Stored data:
****

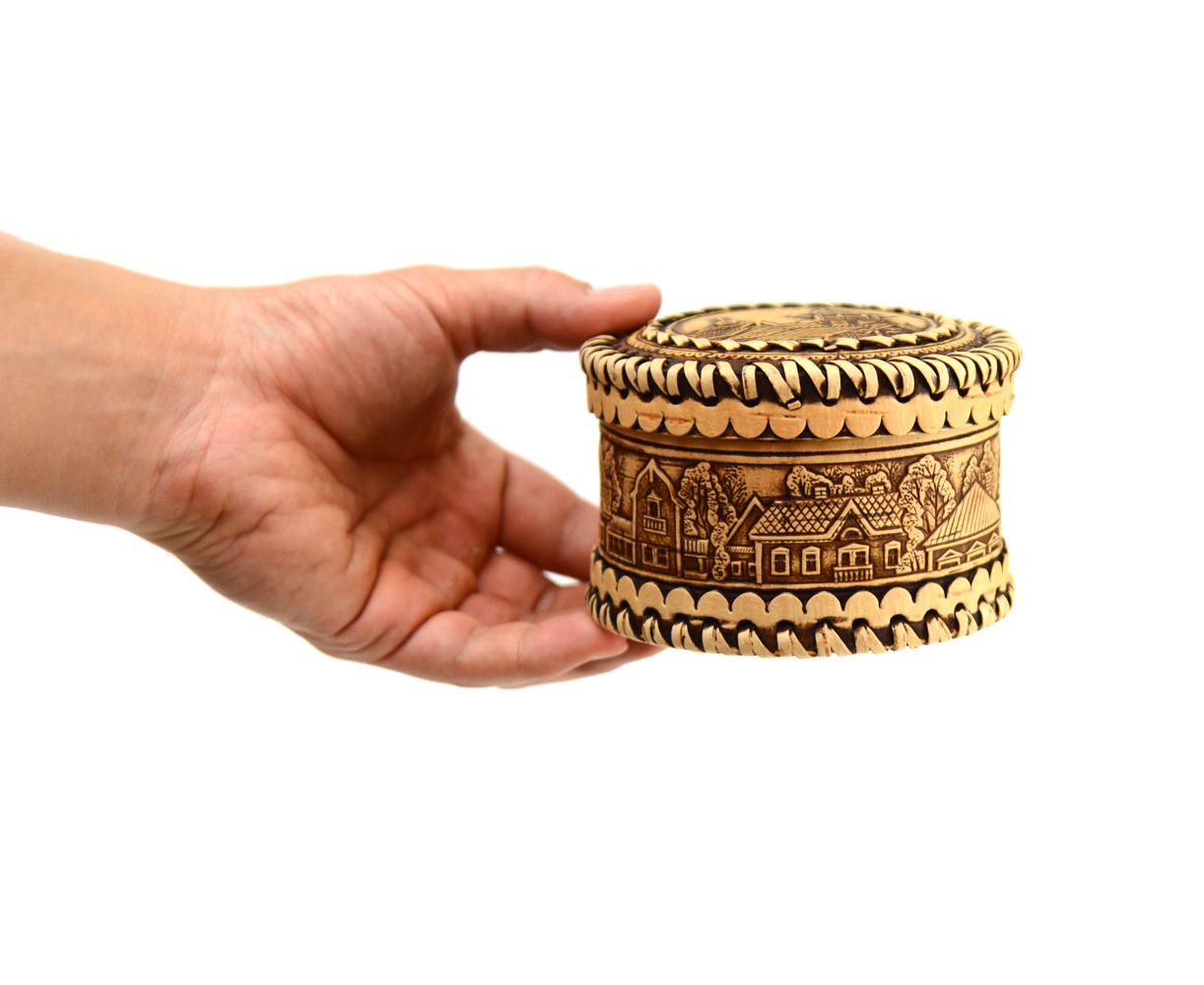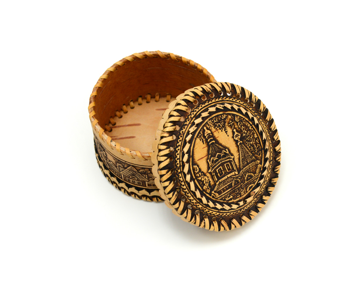 Шкатулка из бересты небольших размеров. Рисунок на крышке в ассортименте - отправляем тот, что есть в наличии. Если понравился какой то определенный рисунок, напишите об этом в комментарии к заказу.
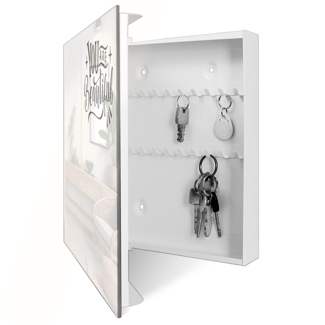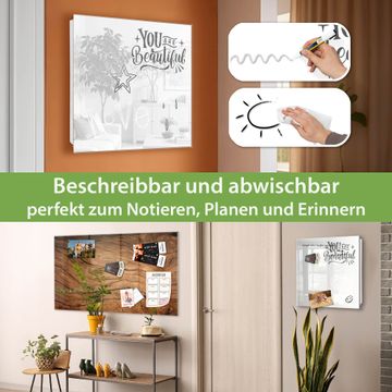 Bringe Ordnung und Eleganz in deinen Eingangsbereich mit dem banjado Schlüsselkasten Motiv Motiv Inspirierende Botschaft. Die moderne Schlüsselbox kombiniert funktionales Design mit hochwertiger Verarbeitung und wird so zu einem echten Hingucker in Flur, Büro oder Ferienwohnung. ✅ Stilvolle Schlüsselaufbewahrung mit Glasfront im Motiv Motiv Inspirierende Botschaft Der Design-Schlüsselkasten Motiv Motiv Inspirierende Botschaft bietet Platz für bis zu 50 Schlüssel, die auf 5 stabilen Reihen mit je 10 Haken übersichtlich verstaut werden. Mit seinen kompakten Maßen von 30 x 30 x 5 cm passt die Schlüsselbox perfekt auch in kleinere Räume. Der weiß lackierte Stahlkorpus mit rechts angeschlagenem Türscharnier harmoniert mit der Glasfront und fügt sich nahtlos in jedes Wohnambiente ein. Ob als Schlüsselorganizer für Zuhause oder als praktische Lösung für Büros, Praxen und Gewerbe, der banjado Schlüsselkasten sorgt für Ordnung und Übersicht. Dank der magnetischen, mit Kreidestiften beschreibbaren Glasfront kannst du Notizen anheften oder Termine direkt auf der Oberfläche festhalten. Die Schlüsselbox Motiv Motiv Inspirierende Botschaft zur Wandmontage wird inklusive Befestigungsmaterial geliefert und ist schnell angebracht. So hast du deine Schlüssel jederzeit griffbereit und zugleich stilvoll verstaut. Mit diesem banjado Schlüsselkasten Motiv Motiv Inspirierende Botschaft kombinierst du praktische Aufbewahrung mit stilvollem Wohndesign. Ob privat oder geschäftlich, die Schlüsselbox sorgt für mehr Ordnung, Übersicht und ein wohnliches Ambiente.Vorteile im Überblick
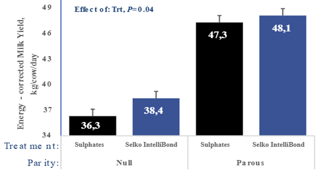 Wat betreft de verteerbaarheid presteren hydroxy-sporenelementen consequent beter dan hun anorganische tegenhangers. In een meta-analyse van 10 studies verhoogde de overstap naar hydroxy-bronnen de verteerbaarheid van neutrale detergentvezel (NDF) met 3 tot 4 procentpunten. Volgens onderzoek van de Michigan State University kan elke toename van 1% in NDF-verteerbaarheid zich vertalen in 250 gram meer 4% vetgecorrigeerde melk per koe per dag. Dit betekent tot extra kilogram melk per dag tijdens de overgangsfase en de piek van de lactatie, simpelweg door de mineralenbron te veranderen. Dit werd bevestigd in de laatste bevindingen van professor Jose Santos van de Universiteit van Florida, waar zijn onderzoeksgroep constateerde dat de gemiddelde energiegecorrigeerde melkproductie (ECM) over een periode van 105 dagen ongeveer 1,5 kg hoger per dag was in de groep die Selko IntelliBond kreeg toegediend (Figuur 2).
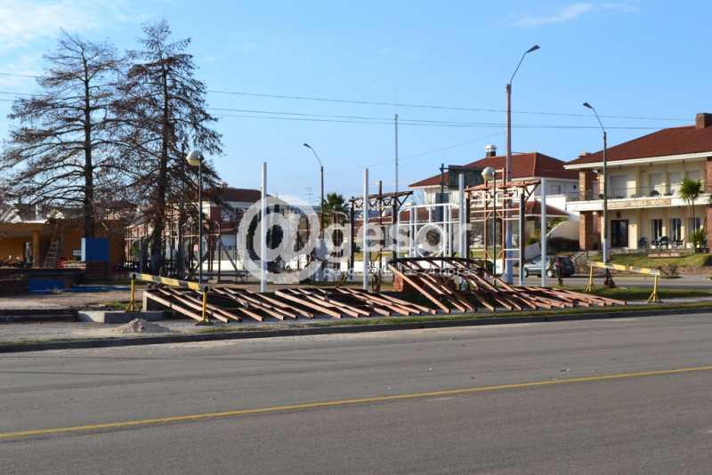 En las últimas horas se inició la colocación de la estructura de madera que contiene pérgolas y figuras, circulares y elípticas por calle Colón de la plaza “Pedro Pasheff” de la rambla mercedaria, más conocida como el "Rosedal".

****

What to do:
Whenever images occur above, omit them and retype each line exactly as it stands.

Written answer:
 Шкатулка из бересты небольших размеров. Рисунок на крышке в ассортименте - отправляем тот, что есть в наличии. Если понравился какой то определенный рисунок, напишите об этом в комментарии к заказу.
 Bringe Ordnung und Eleganz in deinen Eingangsbereich mit dem banjado Schlüsselkasten Motiv Motiv Inspirierende Botschaft. Die moderne Schlüsselbox kombiniert funktionales Design mit hochwertiger Verarbeitung und wird so zu einem echten Hingucker in Flur, Büro oder Ferienwohnung. ✅ Stilvolle Schlüsselaufbewahrung mit Glasfront im Motiv Motiv Inspirierende Botschaft Der Design-Schlüsselkasten Motiv Motiv Inspirierende Botschaft bietet Platz für bis zu 50 Schlüssel, die auf 5 stabilen Reihen mit je 10 Haken übersichtlich verstaut werden. Mit seinen kompakten Maßen von 30 x 30 x 5 cm passt die Schlüsselbox perfekt auch in kleinere Räume. Der weiß lackierte Stahlkorpus mit rechts angeschlagenem Türscharnier harmoniert mit der Glasfront und fügt sich nahtlos in jedes Wohnambiente ein. Ob als Schlüsselorganizer für Zuhause oder als praktische Lösung für Büros, Praxen und Gewerbe, der banjado Schlüsselkasten sorgt für Ordnung und Übersicht. Dank der magnetischen, mit Kreidestiften beschreibbaren Glasfront kannst du Notizen anheften oder Termine direkt auf der Oberfläche festhalten. Die Schlüsselbox Motiv Motiv Inspirierende Botschaft zur Wandmontage wird inklusive Befestigungsmaterial geliefert und ist schnell angebracht. So hast du deine Schlüssel jederzeit griffbereit und zugleich stilvoll verstaut. Mit diesem banjado Schlüsselkasten Motiv Motiv Inspirierende Botschaft kombinierst du praktische Aufbewahrung mit stilvollem Wohndesign. Ob privat oder geschäftlich, die Schlüsselbox sorgt für mehr Ordnung, Übersicht und ein wohnliches Ambiente.Vorteile im Überblick
 Wat betreft de verteerbaarheid presteren hydroxy-sporenelementen consequent beter dan hun anorganische tegenhangers. In een meta-analyse van 10 studies verhoogde de overstap naar hydroxy-bronnen de verteerbaarheid van neutrale detergentvezel (NDF) met 3 tot 4 procentpunten. Volgens onderzoek van de Michigan State University kan elke toename van 1% in NDF-verteerbaarheid zich vertalen in 250 gram meer 4% vetgecorrigeerde melk per koe per dag. Dit betekent tot extra kilogram melk per dag tijdens de overgangsfase en de piek van de lactatie, simpelweg door de mineralenbron te veranderen. Dit werd bevestigd in de laatste bevindingen van professor Jose Santos van de Universiteit van Florida, waar zijn onderzoeksgroep constateerde dat de gemiddelde energiegecorrigeerde melkproductie (ECM) over een periode van 105 dagen ongeveer 1,5 kg hoger per dag was in de groep die Selko IntelliBond kreeg toegediend (Figuur 2).
 En las últimas horas se inició la colocación de la estructura de madera que contiene pérgolas y figuras, circulares y elípticas por calle Colón de la plaza “Pedro Pasheff” de la rambla mercedaria, más conocida como el "Rosedal".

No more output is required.